General programming question, but there might be specific considerations for Matlab.

I will be importing very large data file. Is it better practice/faster/more efficient to import the whole file onto the memory and then divide it into submatrices, or rather to just import every n columns into a new matrix?

My guess is that it would be faster to load it all into the cache and then deal with it, but it's just an uneducated guess.

1
What format is your data file in? Is it a text file, ASCII-delimited numeric file, CSV file? There are specialized handlers for several data types built in to MATLAB that use similar syntax to C in that you open a file stream, read from the file stream, and finally close the file stream. I think one of these would be your best bet.Engineero
Could you specify what you will do with the matrix? If the goal is just to load the matrix into memory and no computation afterwards, I can't see any reason to exploit the cache.Da Kuang
Hello, thank you for the comment, Engineero. I am currently writing my code on the assumption that the data is a CSV. What I am doing is saying data = csvread('filename') and then dividing the data matrix into several matrices. say: matrix_1_2 = data(:,1:2), etc.

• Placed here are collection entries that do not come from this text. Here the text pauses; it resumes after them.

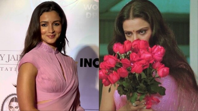 Alia donned the celebratory look for the special screening of Rekha’s movie Umrao Jaan in Mumbai. Rooted in tradition yet unmistakably modern, the classic fluid Tarun Tahiliani saree was paired with a fluted blouse featuring raffia detailing on the collar. The style draws inspiration from the saree Rekha wore in the film Silsila. Rhea posted an image of Rekha in the pink saree on Instagram.
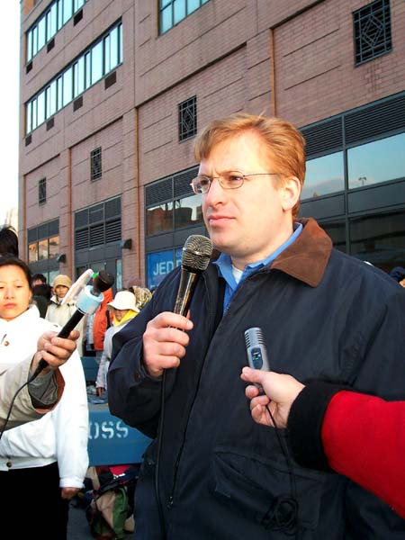 他说,今天我在代表中共政权的领事馆对面这里呼吁:中共立即停止对法轮功的迫害。他说,江泽民政权已彻底退出中共政治舞台;胡锦涛政府没有任何借口说“江”在背后控制,而不停止对法轮功的迫害。
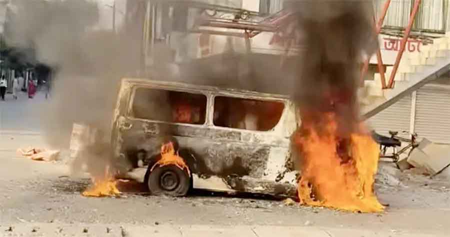 উত্তরায় মাইক্রোবাসে আগুন
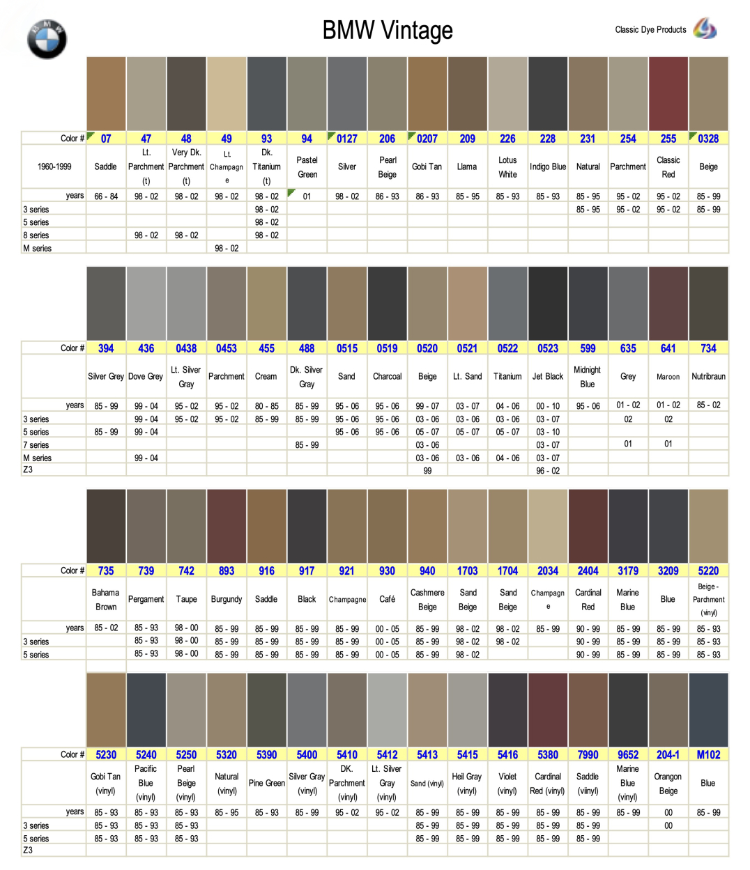 BMW vintage leather & vinyl dye colors are matched to the OEM color name. Find colors by year, make & model. Easily restore & repair the original color for DIY application.
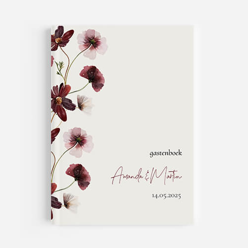 Dit gastenboek met rode en roze bloemen past mooi bij deze trouwkaart. Ontwerp eenvoudig zelf een gastenboek in de stijl van jullie trouwkaart en personaliseer het boek met jullie namen en trouwdatum.
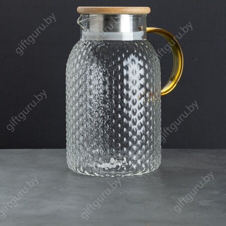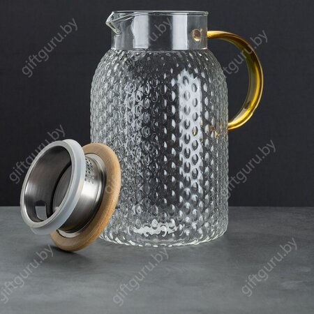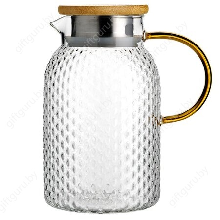 Кувшин с бамбуковой крышкой-ситом, стекло 1400 мл, желтая ручка
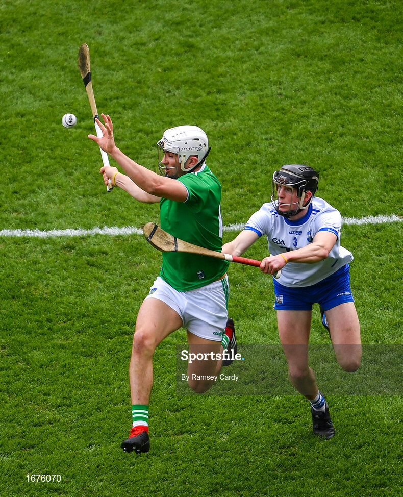 31 March 2019; Aaron Gillane of Limerick in action against Calum Lyons of Waterford during the Allianz Hurling League Division 1 Final match between Limerick and Waterford at Croke Park in Dublin. Photo by Ramsey Cardy/Sportsfile

Is that better than scanning for the first two columns only, saving them, then scanning for the second pair of columns, etc?msmf14
Da Kuang: There will be a lot of matrix manipulation and multiplication. I am guessing the most efficient way is to not even divide the large matrix, but use subsets of it in the calculations (for instance resultingMatrix = data(:,1:n) .* data(:,n+1:2*n), but that will make the code less legible for others)msmf14
Write the code in the simplest and most readable way possible. If the data comfortably fits in main memory, you'll be fine. If it doesn't, you're in a world of hurt, and you'll need a better disk storage format (binary) and blocked algorithms that will operate on batches of the data. You certainly don't want to parse each line of the CSV more than once, which blocking by column would do.Peter

1 Answers

1
votes

From my experience, the best approach is to parse it once, using either csvread (which uses dlmread which uses textscan - so the time penalty is not significant). This is of course given that a very big file is not larger than the amount of free RAM you have. If a very big file is larger than RAM (I just had to parse a 31GB file for example), than I would use fopen, read line by line (or chunks, blocks whatever you prefer) and write these a writable mat file. This way you can write huge files limited by your file system in theory.